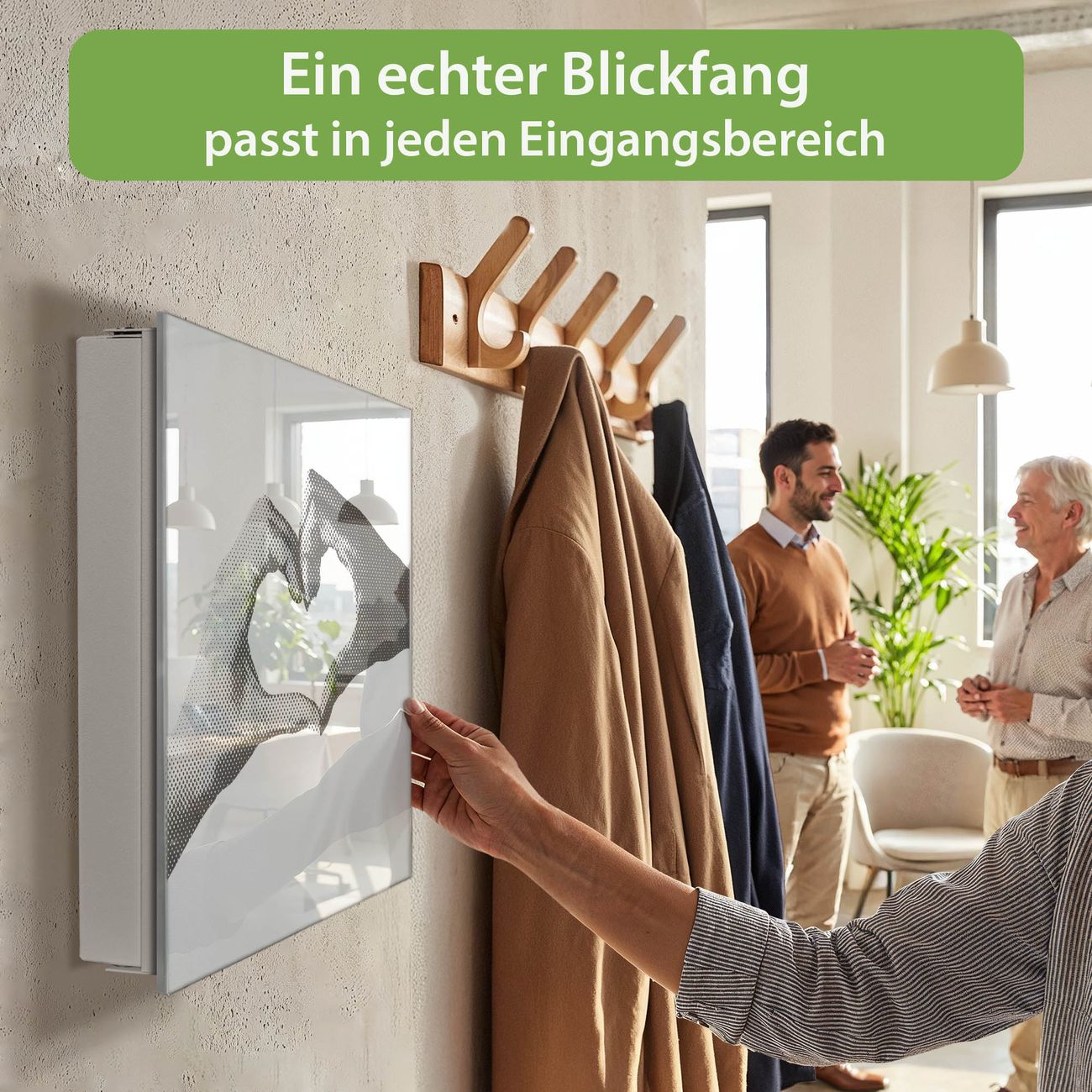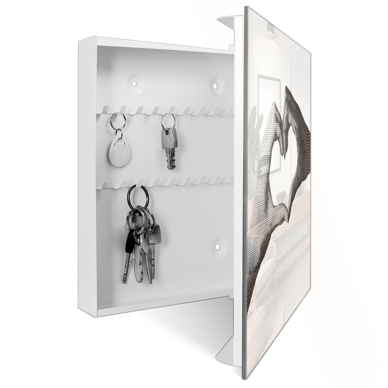 Bringe Ordnung und Eleganz in deinen Eingangsbereich mit dem banjado Schlüsselkasten Motiv Motiv Herzhände. Die moderne Schlüsselbox kombiniert funktionales Design mit hochwertiger Verarbeitung und wird so zu einem echten Hingucker in Flur, Büro oder Ferienwohnung. ✅ Stilvolle Schlüsselaufbewahrung mit Glasfront im Motiv Motiv Herzhände Der Design-Schlüsselkasten Motiv Motiv Herzhände bietet Platz für bis zu 50 Schlüssel, die auf 5 stabilen Reihen mit je 10 Haken übersichtlich verstaut werden. Mit seinen kompakten Maßen von 30 x 30 x 5 cm passt die Schlüsselbox perfekt auch in kleinere Räume. Der weiß lackierte Stahlkorpus mit rechts angeschlagenem Türscharnier harmoniert mit der Glasfront und fügt sich nahtlos in jedes Wohnambiente ein. Ob als Schlüsselorganizer für Zuhause oder als praktische Lösung für Büros, Praxen und Gewerbe, der banjado Schlüsselkasten sorgt für Ordnung und Übersicht. Dank der magnetischen, mit Kreidestiften beschreibbaren Glasfront kannst du Notizen anheften oder Termine direkt auf der Oberfläche festhalten. Die Schlüsselbox Motiv Motiv Herzhände zur Wandmontage wird inklusive Befestigungsmaterial geliefert und ist schnell angebracht. So hast du deine Schlüssel jederzeit griffbereit und zugleich stilvoll verstaut. Mit diesem banjado Schlüsselkasten Motiv Motiv Herzhände kombinierst du praktische Aufbewahrung mit stilvollem Wohndesign. Ob privat oder geschäftlich, die Schlüsselbox sorgt für mehr Ordnung, Übersicht und ein wohnliches Ambiente.Vorteile im Überblick
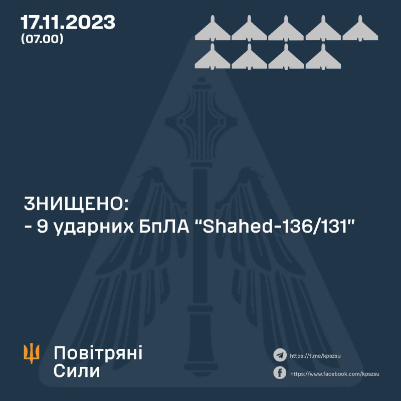 Доброго ранку всій Україні! Цієї ночі ворог атакував наші мирні міста і села десятьма ударними БпЛА 17.11.2023, П’ятниця | 8:54 Автор допису: Голова Кіровоградської обласної військової адміністрації Доброго ранку всій Україні! Цієї ночі ворог атакував наші мирні міста і села десятьма ударними БпЛА. Дев’ять знищили охоронці неба. На Кіровоградщині – без надзвичайних подій. Дякуємо нашим славним Збройним Силам України за те, що ми живі!Разом ми сильні! Україна переможе! 🇺🇦💪 Джерело Друк / PDF
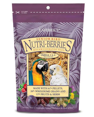 Lafeber's Senior Bird Nutri-Berries Macaw Food is generally for bird that have reached half of their expected life expectancy. Senior Bird Nutri-Berries offer the same balanced nutrition as classic and gourmet Nutri-Berries, plus it is formulated to meet the special needs of mature birds. This balanced and low calorie daily food promotes optimum health through the "golden years" of life. Senior Bird Nutri-Berries are packed with age targeting herbs such as milk thistle, dandelion, and ginger.
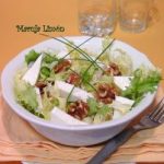 Picamos las nueces y las almendras en trocitos pequeños. Una vez lo tengamos, lo ponemos en un recipiente junto con 1/2 vaso de aceite, dos chorros de vinagre y un poquito de sal. Lo batimos todo hasta que quede una salsa ligada. Una vez esté lista, la apartamos hasta el momento de aliñar la ensalada.
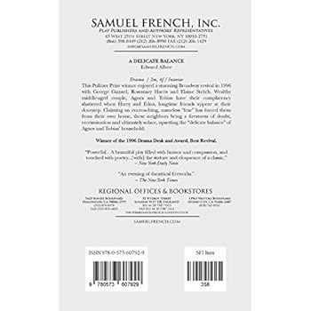 Edward AlbeeFull Length, Drama Characters: 2 male, 4 female Interior Set This Pulitzer Prize winner enjoyed a stunning Broadway revival in 1996 with George Gizzard, Rosemary Harris and Elaine Stritch. Wealthy middle-aged couple, Agnes and Tobias have their complacency shattered when Harry and Edna, longtime friends appear at their doorstep. Claiming an encroaching, nameless "fear" has forced them from their own home, these neighbors bring a firestorm of doubt, recrimination and ultimately solace, upsetting the "delicate balance" of Agnes and Tobias' household.Winner of the 1996 Drama Desk and Award, Best Revival. "Powerful...A beautiful play filled with humor and compassion, and touched with poetry...[with] the stature and eloquence of a classic."-New York Daily News "A brilliant play."-New York Post "An evening of theatrical fireworks."-The New York Times

*WHAT IS EXPECTED:*
Copy out all the data exactly. No images belong in the copy.

*REPLY TO THE EXERCISE:*
 Bringe Ordnung und Eleganz in deinen Eingangsbereich mit dem banjado Schlüsselkasten Motiv Motiv Herzhände. Die moderne Schlüsselbox kombiniert funktionales Design mit hochwertiger Verarbeitung und wird so zu einem echten Hingucker in Flur, Büro oder Ferienwohnung. ✅ Stilvolle Schlüsselaufbewahrung mit Glasfront im Motiv Motiv Herzhände Der Design-Schlüsselkasten Motiv Motiv Herzhände bietet Platz für bis zu 50 Schlüssel, die auf 5 stabilen Reihen mit je 10 Haken übersichtlich verstaut werden. Mit seinen kompakten Maßen von 30 x 30 x 5 cm passt die Schlüsselbox perfekt auch in kleinere Räume. Der weiß lackierte Stahlkorpus mit rechts angeschlagenem Türscharnier harmoniert mit der Glasfront und fügt sich nahtlos in jedes Wohnambiente ein. Ob als Schlüsselorganizer für Zuhause oder als praktische Lösung für Büros, Praxen und Gewerbe, der banjado Schlüsselkasten sorgt für Ordnung und Übersicht. Dank der magnetischen, mit Kreidestiften beschreibbaren Glasfront kannst du Notizen anheften oder Termine direkt auf der Oberfläche festhalten. Die Schlüsselbox Motiv Motiv Herzhände zur Wandmontage wird inklusive Befestigungsmaterial geliefert und ist schnell angebracht. So hast du deine Schlüssel jederzeit griffbereit und zugleich stilvoll verstaut. Mit diesem banjado Schlüsselkasten Motiv Motiv Herzhände kombinierst du praktische Aufbewahrung mit stilvollem Wohndesign. Ob privat oder geschäftlich, die Schlüsselbox sorgt für mehr Ordnung, Übersicht und ein wohnliches Ambiente.Vorteile im Überblick
 Доброго ранку всій Україні! Цієї ночі ворог атакував наші мирні міста і села десятьма ударними БпЛА 17.11.2023, П’ятниця | 8:54 Автор допису: Голова Кіровоградської обласної військової адміністрації Доброго ранку всій Україні! Цієї ночі ворог атакував наші мирні міста і села десятьма ударними БпЛА. Дев’ять знищили охоронці неба. На Кіровоградщині – без надзвичайних подій. Дякуємо нашим славним Збройним Силам України за те, що ми живі!Разом ми сильні! Україна переможе! 🇺🇦💪 Джерело Друк / PDF
 Lafeber's Senior Bird Nutri-Berries Macaw Food is generally for bird that have reached half of their expected life expectancy. Senior Bird Nutri-Berries offer the same balanced nutrition as classic and gourmet Nutri-Berries, plus it is formulated to meet the special needs of mature birds. This balanced and low calorie daily food promotes optimum health through the "golden years" of life. Senior Bird Nutri-Berries are packed with age targeting herbs such as milk thistle, dandelion, and ginger.
 Picamos las nueces y las almendras en trocitos pequeños. Una vez lo tengamos, lo ponemos en un recipiente junto con 1/2 vaso de aceite, dos chorros de vinagre y un poquito de sal. Lo batimos todo hasta que quede una salsa ligada. Una vez esté lista, la apartamos hasta el momento de aliñar la ensalada.
 Edward AlbeeFull Length, Drama Characters: 2 male, 4 female Interior Set This Pulitzer Prize winner enjoyed a stunning Broadway revival in 1996 with George Gizzard, Rosemary Harris and Elaine Stritch. Wealthy middle-aged couple, Agnes and Tobias have their complacency shattered when Harry and Edna, longtime friends appear at their doorstep. Claiming an encroaching, nameless "fear" has forced them from their own home, these neighbors bring a firestorm of doubt, recrimination and ultimately solace, upsetting the "delicate balance" of Agnes and Tobias' household.Winner of the 1996 Drama Desk and Award, Best Revival. "Powerful...A beautiful play filled with humor and compassion, and touched with poetry...[with] the stature and eloquence of a classic."-New York Daily News "A brilliant play."-New York Post "An evening of theatrical fireworks."-The New York Times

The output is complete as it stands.